Но трое людей, находившиеся сейчас в гостиной Бейнов, ни в какой мере не были подавлены ее декоративным замыслом. Двое из них — мистер и миссис Бейн, имея за плечами двадцать восемь лет ежедневного пребывания в этой комнате, могли бы уже полностью с ней освоиться, даже если бы с самого начала не являлись ревностными ее поклонниками. Что же касается сестры миссис Бейн — миссис Уиттэйкер, то ее аристократическое самообладание не могла поколебать никакая самая ужасающая обстановка.

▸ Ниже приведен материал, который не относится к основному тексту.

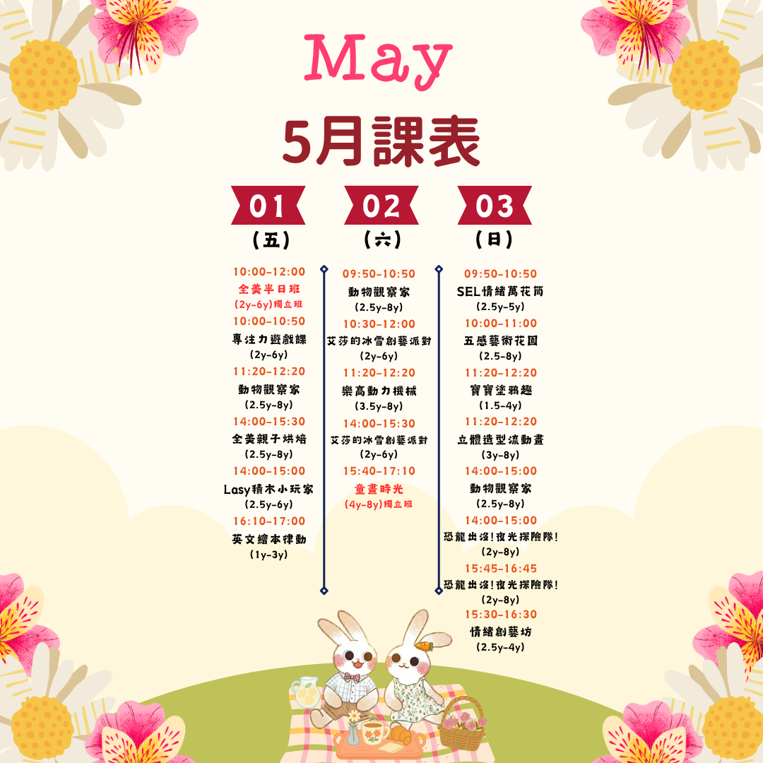 這週在兜樂玩什麼呢? 5/1 ~ 5/3 週五 FRI 週六 SAT 週日 SUN 全美半日班|2歲-6歲 $1440/6點 2 小時 立即預約 專注力遊戲課|1歲8個月-6歲 $720/3點 50 分 立即預約 動物觀察家|2歲半-8歲 $960/4點 60 分 立即預約 全美親子烘焙|2歲半-8歲 $1200/5點 90 分 立即預約 LASY積木小玩家|2歲半-6歲 $960/4點 60 分 立即預約 英文繪本律動|1歲-4歲 $960/4點 50 分 立即預約 動物觀察家|2歲半-8歲 $960/4點 60 分 立即預約 艾莎的冰雪創藝派對|3歲-8歲 $1440/6點 90 分 立即預約 樂高動力機械|3歲半-8歲 $960/4點 60 分 立即預約 童畫時光|4歲-8歲(獨立班) $960/4點 90 分 立即預約 SEL情緒萬花筒|2歲半-5歲 $720/3點 60 分 立即預約 五感藝術花園|2歲半-8歲 $1440/6點 60 分 立即預約 寶寶塗鴉趣|1歲半-4歲 $720/3點 60 分 立即預約 立體造型流動畫|3-8歲 $960/4點 60 分 立即預約 動物觀察家|2歲半-8歲 $960/4點 60 分 立即預約 恐龍出沒!夜光探險隊! |2-8歲 $1200/5點 60 分 立即預約 情緒創藝坊|2歲半-4歲 $960/4點 60 分 立即預約

Грациозно опускаясь на стул, миссис Уиттэйкер тем самым как бы брала его под свое покровительство. Держа в руке бокал с сидром, она одаряла его доброй снисходительной улыбкой. Чета Бейнов была бедна, а миссис Уиттэйкер, выражаясь общепринятым языком, сделала хорошую партию, и никто из них троих никогда не упускал из виду этого обстоятельства.

Доброта и терпимость миссис Уиттэйкер изливались не только на ее менее удачливых родственников. Они распространялись и на друзей ее юности, рабочий класс, политику, все Соединенные Штаты в целом и на самого господа бога, который, кстати сказать, всегда был достаточно расторопен и готов к ее услугам, так что миссис Уиттэйкер могла бы в любую минуту выдать ему наилучшую рекомендацию.

Трое людей, собравшиеся в гостиной, намеревались спокойно скоротать вечерок в домашнем кругу. В комнате царила атмосфера ожидания, несколько напряженного, но отнюдь не мучительного, — вроде того, какое бывает перед поднятием занавеса. Миссис Бейн подала сидр в самых лучших своих бокалах, а ореховое печенье — на блюде, расписанном от руки пучками вишен. На этом блюде она подавала сэндвичи лет пять назад, когда члены карточного клуба еще собирались в ее доме.

Сегодня она призадумалась было на минутку, когда доставала этот предмет из шкафа, но тут же отбросила сомненья и решительно высыпала печенье на блюдо. В конце концов, случай был торжественный. Правда, они собирались в самом тесном семейном кругу, но случай все же был торжественный. Изумительный Старик умирал наверху у себя в комнате. В пять часов вечера доктор сказал, что он будет очень удивлен, если Изумительный Старик протянет до полночи. Чрезвычайно будет удивлен, подчеркнул доктор.

Им не было никакой нужды собираться у постели Изумительного Старика. Все равно он бы их не узнал. По правде говоря, скоро уже год как он никого не узнавал, и путал все имена и все родственные связи, когда учтиво осведомлялся о здоровье мужей, жен или детей. А теперь он и вовсе был без сознания.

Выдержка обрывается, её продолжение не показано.